Source material Block Start

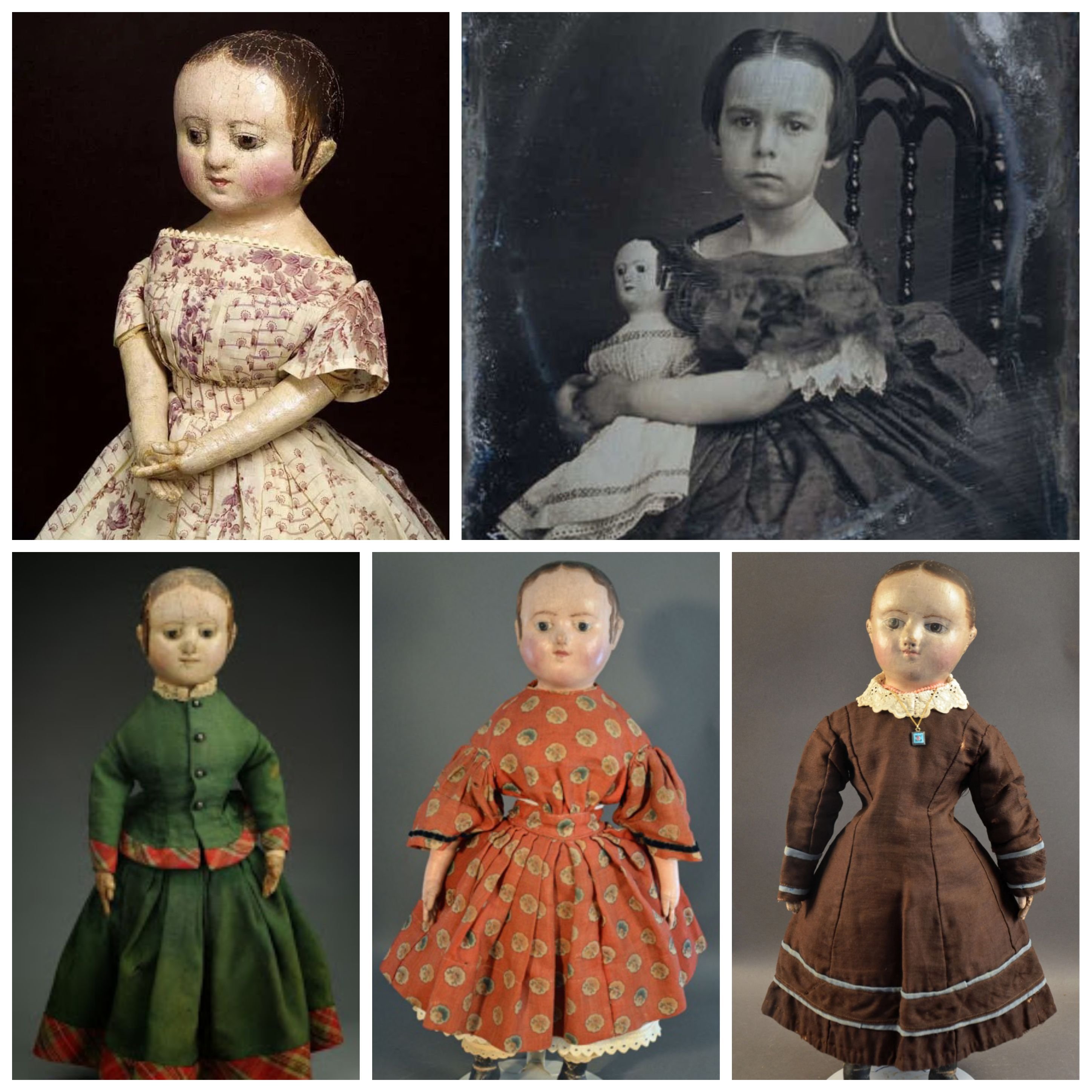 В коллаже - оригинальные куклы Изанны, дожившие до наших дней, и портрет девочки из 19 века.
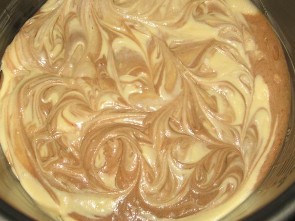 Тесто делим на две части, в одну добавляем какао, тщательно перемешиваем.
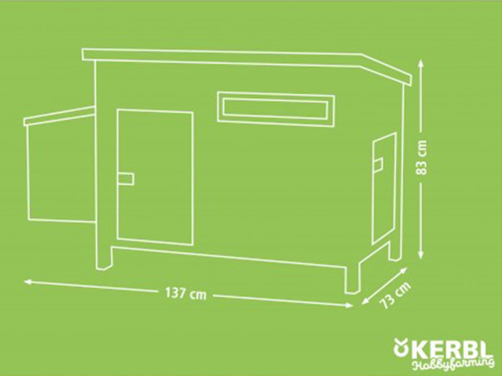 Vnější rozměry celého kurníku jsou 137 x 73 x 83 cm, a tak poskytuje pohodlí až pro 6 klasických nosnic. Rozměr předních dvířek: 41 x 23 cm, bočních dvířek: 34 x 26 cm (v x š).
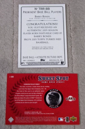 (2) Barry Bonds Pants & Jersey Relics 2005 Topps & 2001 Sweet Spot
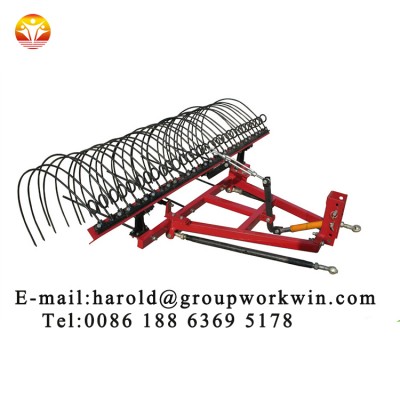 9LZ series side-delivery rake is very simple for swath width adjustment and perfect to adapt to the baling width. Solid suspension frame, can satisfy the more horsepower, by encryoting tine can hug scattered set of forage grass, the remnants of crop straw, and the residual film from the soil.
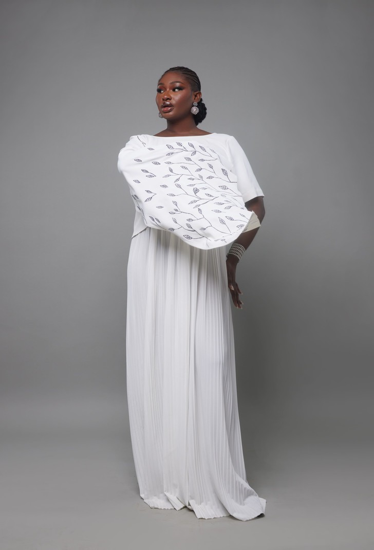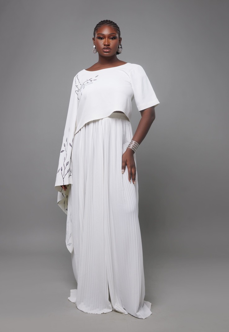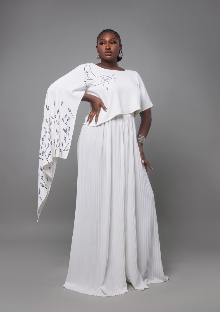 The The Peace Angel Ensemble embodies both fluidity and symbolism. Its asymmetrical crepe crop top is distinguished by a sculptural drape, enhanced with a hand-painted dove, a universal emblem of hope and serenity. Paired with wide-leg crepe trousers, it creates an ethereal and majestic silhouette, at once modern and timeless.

Source material Block End

■ **Instructions for the task**
Pictures are to be left out; the records above must be repeated word for word.

■ **Answer for this exercise**
 В коллаже - оригинальные куклы Изанны, дожившие до наших дней, и портрет девочки из 19 века.
 Тесто делим на две части, в одну добавляем какао, тщательно перемешиваем.
 Vnější rozměry celého kurníku jsou 137 x 73 x 83 cm, a tak poskytuje pohodlí až pro 6 klasických nosnic. Rozměr předních dvířek: 41 x 23 cm, bočních dvířek: 34 x 26 cm (v x š).
 (2) Barry Bonds Pants & Jersey Relics 2005 Topps & 2001 Sweet Spot
 9LZ series side-delivery rake is very simple for swath width adjustment and perfect to adapt to the baling width. Solid suspension frame, can satisfy the more horsepower, by encryoting tine can hug scattered set of forage grass, the remnants of crop straw, and the residual film from the soil.
 The The Peace Angel Ensemble embodies both fluidity and symbolism. Its asymmetrical crepe crop top is distinguished by a sculptural drape, enhanced with a hand-painted dove, a universal emblem of hope and serenity. Paired with wide-leg crepe trousers, it creates an ethereal and majestic silhouette, at once modern and timeless.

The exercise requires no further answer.